— Instructions for the task —
The required output is an exact restatement of the lines, starting with the one that contains "Нарежьте кубиками репчатый" and finishing with the last line of the listing. It contains no pictures.

— Data section —
----------
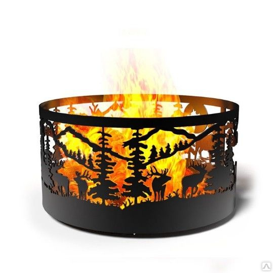 Очаг для костра «Закат в горах». Костровой очаг для разведения огня на приусадебном участке с силуэтами гор и диких животных.
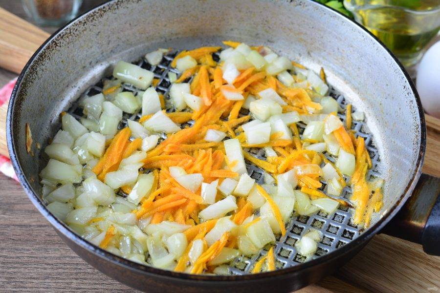 Нарежьте кубиками репчатый лук, морковку натрите на терке. Разогрейте масло в сковороде, выложите овощи и пассеруйте пару минут помешивая.
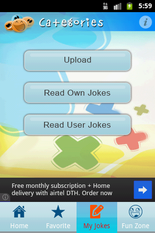 App have categories like Dosti, Husband, Wife, Judge, Kanjus, Doctor, Short Jokes, Adult Jokes, One Liner, Tourist etc.
----------
— Solution for this problem —
 Нарежьте кубиками репчатый лук, морковку натрите на терке. Разогрейте масло в сковороде, выложите овощи и пассеруйте пару минут помешивая.
 App have categories like Dosti, Husband, Wife, Judge, Kanjus, Doctor, Short Jokes, Adult Jokes, One Liner, Tourist etc.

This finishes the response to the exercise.